Give exactly the lines from the one with "About Material: These" through the final line of the listing below, both included, leaving out any pictures.

**Information shown:**
# # #

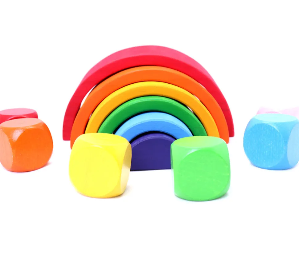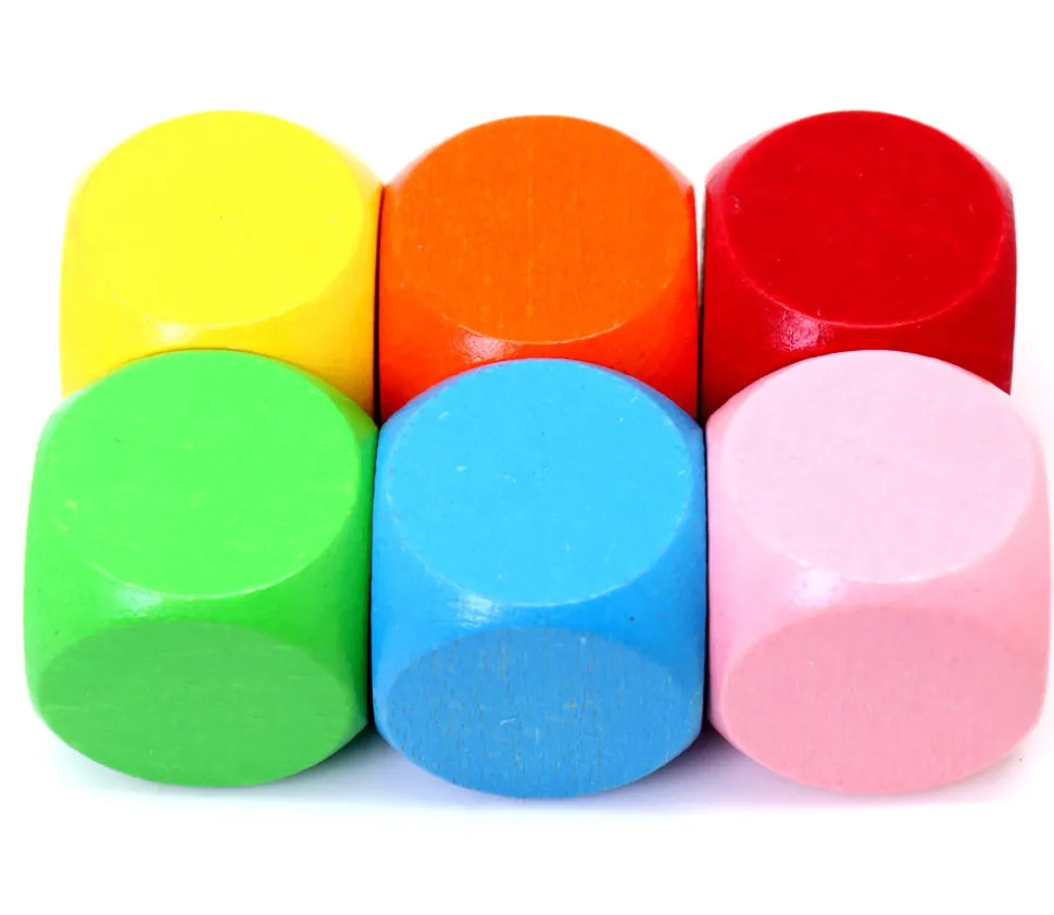 Dés en bois de 6 couleurs différentes : bleu clair, vert clair, jaune, rouge, rose, orange.
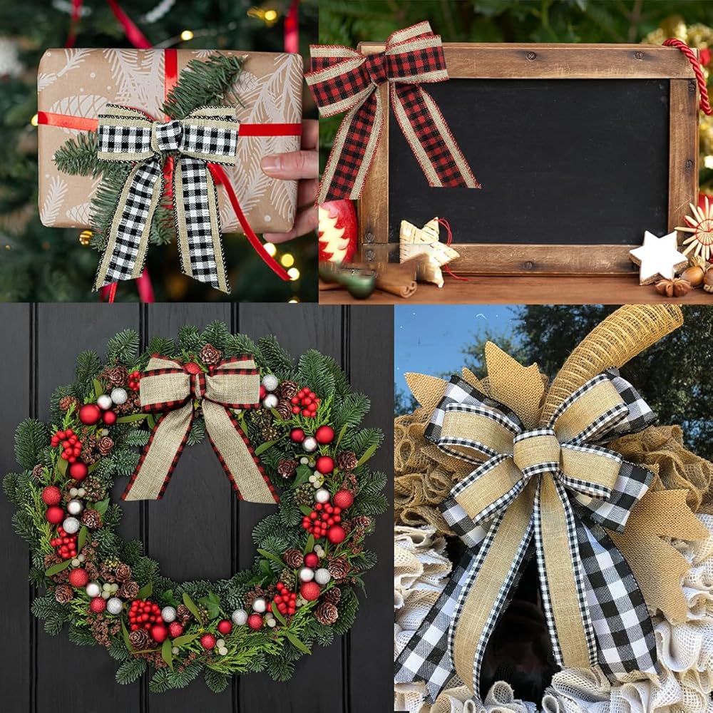 About Material: These ribbons are made of quality burlap, and the edges of the ribbon are wrapped with iron wires, not easy to tear off and fade.
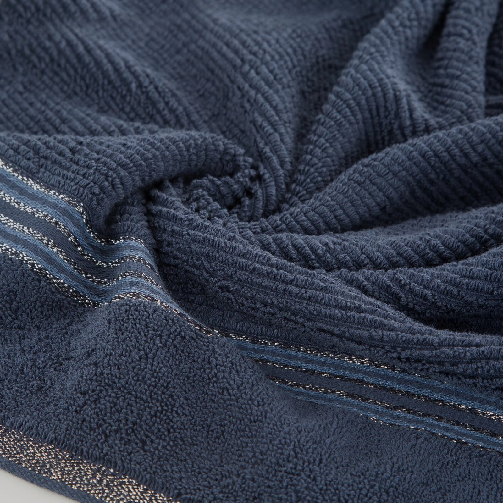 Bardzo puszysty i wyjątkowo chłonny ręcznik z bawełny frotte o strukturze delikatnych prążków. Bordiura w ciemniejszym kolorze z dodatkiem lśniącej nitki. szerokość: 50 cm, długość: 90 cm, kolor: turkusowy, Gramatura: 530 GSM, Skład: 100% bawełna; część ozdobna: 97% bawełna, 3% poliester
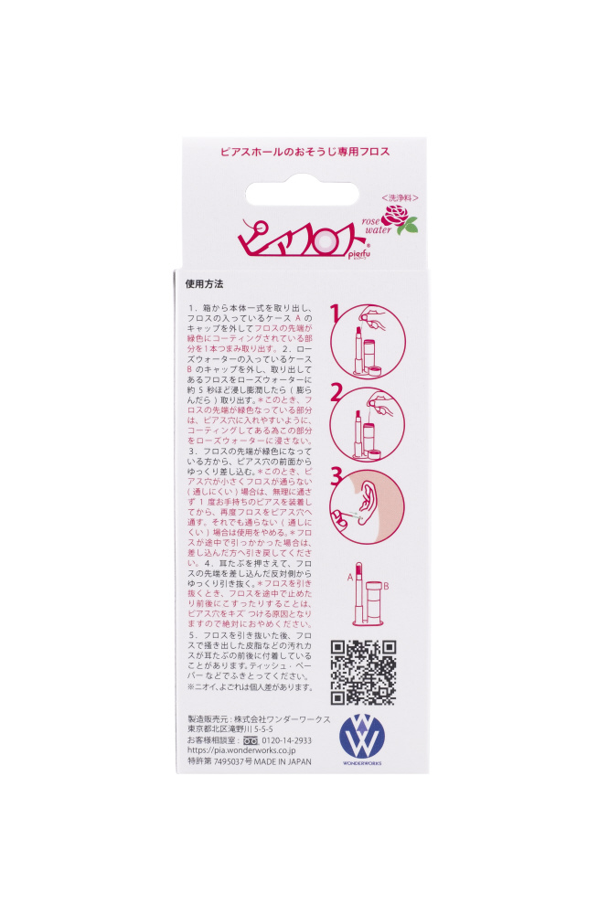 和紙フロスをハーブウォーターに浸み込ませて、耳たぶの表側から和紙フロスを入れて、裏側からゆっくり引き出し。<BR>

# # #

**Response box:**
 About Material: These ribbons are made of quality burlap, and the edges of the ribbon are wrapped with iron wires, not easy to tear off and fade.
 Bardzo puszysty i wyjątkowo chłonny ręcznik z bawełny frotte o strukturze delikatnych prążków. Bordiura w ciemniejszym kolorze z dodatkiem lśniącej nitki. szerokość: 50 cm, długość: 90 cm, kolor: turkusowy, Gramatura: 530 GSM, Skład: 100% bawełna; część ozdobna: 97% bawełna, 3% poliester
 和紙フロスをハーブウォーターに浸み込ませて、耳たぶの表側から和紙フロスを入れて、裏側からゆっくり引き出し。<BR>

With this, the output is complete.